Pre-merge filtering — read only what you need
If the files are large and you only need a slice:
pandas with usecols + chunked filter:
files = glob.glob("prices_*.csv")
frames = []
for f in files:
df = pd.read_csv(f, usecols=["Date", "Ticker", "Close"])
frames.append(df[df["Ticker"] == "AAPL"])
merged = pd.concat(frames, ignore_index=True)
polars with scan_csv (does the same thing automatically via pushdown):
merged = (
pl.scan_csv("prices_*.csv")
.filter(pl.col("Ticker") == "AAPL")
.select(["Date", "Ticker", "Close"])
.collect()
)
For the same outcome, the Polars version reads less data from disk — the filter pushes into the reader. Useful when “all your CSVs together” is 100 GB and what you actually want is 200 MB.
Different schemas per file
pl.concat and pd.concat both default to “all columns must match”. For frames with different column sets you have two flavors:
how="diagonal"(polars) — union of all columns; missing values become null per file.how="vertical_relaxed"(polars) — same as diagonal but also coerces type mismatches.pd.concat(pandas) — defaults to outer-join behavior; missing columns become NaN. Passjoin="inner"to keep only shared columns.
For the broker-export scenario where each statement might have a slightly different column set, pl.concat(frames, how="diagonal") is the version you want.
Common stumbles
Header repeated as a data row. You concatenated CSVs by piping cat *.csv > merged.csv and lost track of headers. Always use a library that knows about CSV headers; never cat your way to a merge.
Index column appears as Unnamed: 0. A previous tool wrote out a CSV with df.to_csv(path) instead of df.to_csv(path, index=False). Strip on read: pd.read_csv(f, index_col=0) or pl.read_csv(f).drop("").
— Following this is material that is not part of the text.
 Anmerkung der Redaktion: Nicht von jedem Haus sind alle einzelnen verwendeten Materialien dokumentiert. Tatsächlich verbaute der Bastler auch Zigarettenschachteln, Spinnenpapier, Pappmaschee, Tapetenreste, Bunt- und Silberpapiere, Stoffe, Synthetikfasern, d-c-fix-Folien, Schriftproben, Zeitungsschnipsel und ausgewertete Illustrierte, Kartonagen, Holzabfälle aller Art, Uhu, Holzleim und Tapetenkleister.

Memory error on a folder of large CSVs. Switch to pl.scan_csv(...).sink_parquet("out.parquet") — streams without ever materializing the full frame.
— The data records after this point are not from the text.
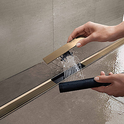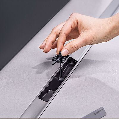 Ein entnehmbarer Kammeinsatz fängt Schmutz und Haare auf und macht den Ablauf besonders reinigungsfreundlich. Das Auswischen des Duschbereichs ist mühelos möglich, da die Duschrinnen eine glatte, offene Ablauffläche haben, in der sich kaum Ablagerungen bilden können. Zudem sind die Cleanline80 und CleanLine50 in der Farbe schwarzchrom mit einer Easy-to-clean-Beschichtung versehen, die Abdrücke und Verschmutzungen reduziert.
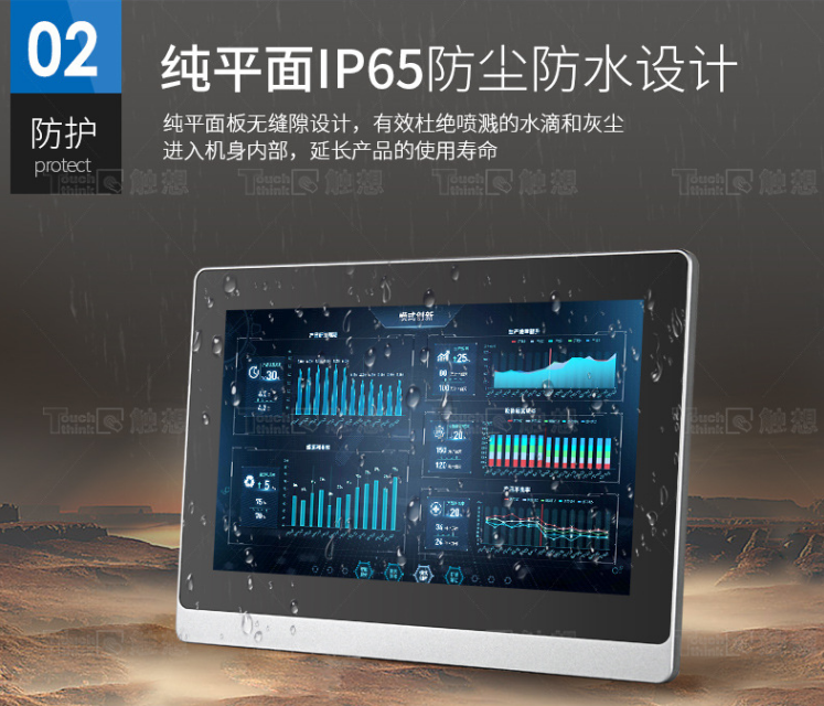 產品面板采用純平無縫隙設計,可高達IP65防塵防水等級,增強型面板具備強防摔性、抗沖擊性、抗磁電干擾性、可塑性、導熱性等特征,能適應各種惡劣環境,延長產品使用壽命。
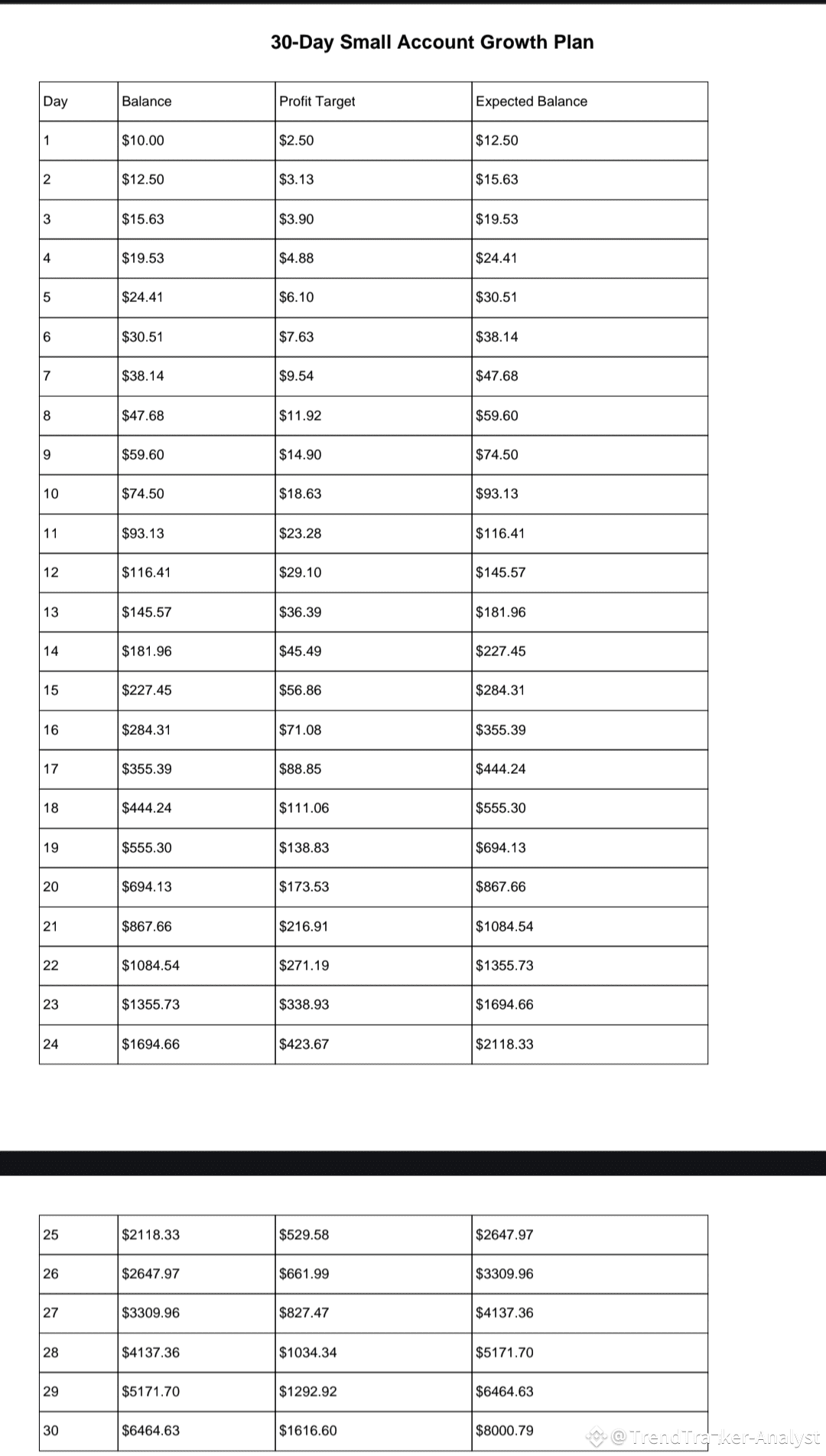 This is a structured money management strategy designed to grow a small trading account using consistent daily profit targets and the power of compounding.
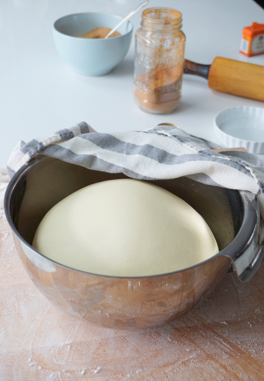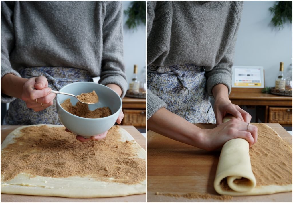 Připravíme si větší mísu, do které odvážíme mouku. Do přichystané mouky, promíchané se solí, vlijeme hotový kvásek a přidáme zbylé suroviny. Vše dobře zapracujeme a uhněteme tužší těsto. Poté těsto necháme odležet zhruba hodinu, než zdvojnásobí svůj objem. Připravené těsto rozválíme a potřeme změklým máslem, posypeme cukrem se skořicí a muškátovým oříškem. Podle chuti můžeme upravit množství cukru a přidat můžeme zrníčka z vanilkového lusku, nebo rozdrcený hřebíček.
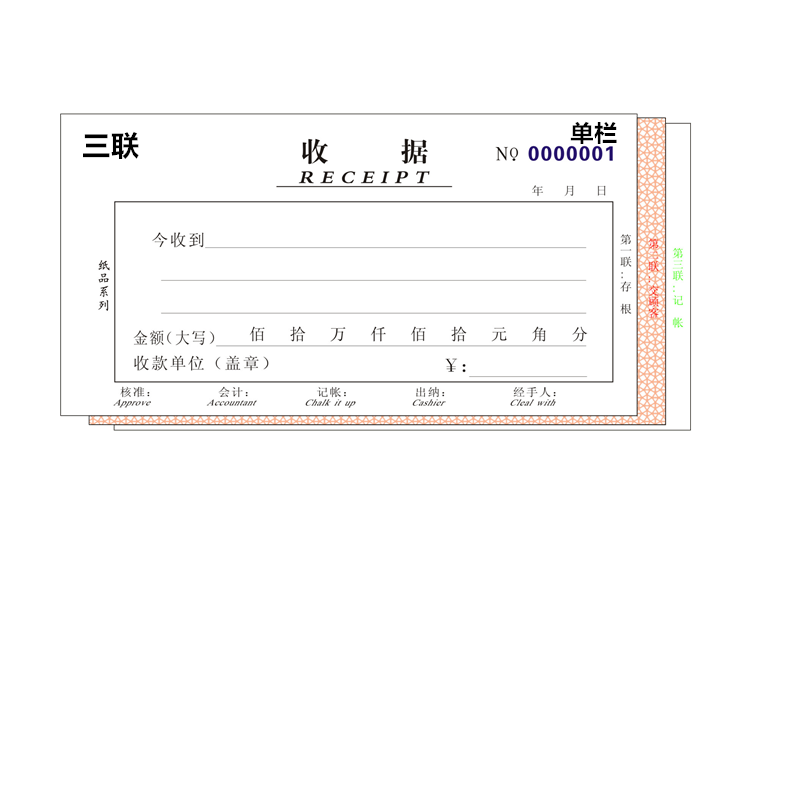 主力 收款收據(jù) 無碳復(fù)寫收據(jù)自帶墊板 0503 48K三聯(lián)單欄 單本

Row order matters and glob.glob returns them in OS order. Wrap with sorted(). On macOS glob is usually sorted; on Linux ext4 it’s not.
Encoding error mid-merge. Some files are UTF-8, some are latin-1. Specify per file: pd.read_csv(f, encoding="latin-1"). Or convert everything to UTF-8 once with a separate script before merging.
Recap
Three CSVs of the same schema merge in one or two lines with any modern library. pd.concat for the pandas-default path. pl.concat for ~5× speed and lower memory. pl.scan_csv("*.csv").collect() for the one-line glob that’s lazy by default and lets you filter before materializing. The plain csv module is the last-resort no-dependency path. Always sanity-check the row count after merging, and watch for schema drift — write the merged frame as parquet so future reloads come back type-correct.